Le secteur des services financiers est la première activité de l’île, qui attire des milliers de fonds d’investissements, banques et sociétés offshore.

La petite république de 1,3 million d’habitants est majoritairement hindoue (52%), mais compte 30% de chrétiens, principalement catholiques, et 18% de musulmans.

Le pape a aussi voulu exalter une société multiculturelle et multiconfessionnelle, née des colonisations, de l’esclavage et de migrations successives d’Europe, d’Afrique, d’Inde et de Chine.
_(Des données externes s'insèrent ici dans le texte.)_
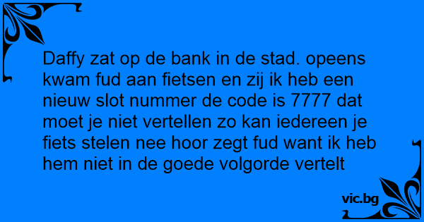 Daffy zat op de bank in de stad. opeens kwam fud aan fietsen en zij ik heb een nieuw slot nummer de code is 7777 dat moet je niet vertellen zo kan iedereen je fiets stelen nee hооr zegt fud want ik heb hem niet in de goede volgorde vertelt

Une excellente raison selon lui pour accueillir au mieux une nouvelle vague de migrants économiques employés dans l’île, principalement originaires du Sri Lanka et du Bangladesh.

"L’ADN de votre peuple garde la mémoire de ces mouvements migratoires qui ont conduit vos ancêtres jusque sur cette île", a noté le pape, qui avait débuté mercredi une tournée africaine l’ayant également mené au Mozambique et à Madagascar, deux des pays les plus pauvres au monde.

"C’est pourquoi je vous encourage, dans la fidélité à vos racines, à relever le défi de l’accueil et de la protection des migrants qui aujourd’hui viennent ici pour trouver un travail".

– Pèlerinage –

La visite de François coïncide avec le 155e anniversaire de la mort de Jacques Désiré Laval, prêtre français décédé le 9 septembre 1864 et béatifié en 1979 par Jean Paul II. Un pèlerinage lié à ce missionnaire rassemble chaque année 100.000 personnes.

Le souverain pontife s’est recueilli sur la tombe du père Laval, considéré comme "l’apôtre des Noirs" et "l’apôtre de l’unité mauricienne". Celui-ci évangélisa au XIXe siècle les esclaves qui venaient d’être libérés et dont les descendants créoles forment la majorité des catholiques mauriciens.

"Sa sollicitude le porta à faire confiance aux plus pauvres et aux personnes rejetées", selon le pape.

L’évêché a invité les Mauriciens à planter en l’honneur du pape au moins 100.000 arbres. "Ces plantes seront pour nous un rappel de votre invitation constante à écouter à la fois le cri des pauvres et le cri de la nature", a expliqué le cardinal Maurice Piat, évêque de Port-Louis.

Le pape, très engagé sur la préservation de la planète, a béni plusieurs plantes endémiques avant de rentrer à Madagascar. Maurice était la dernière étape de sa tournée africaine et il devait retourner mardi à Rome.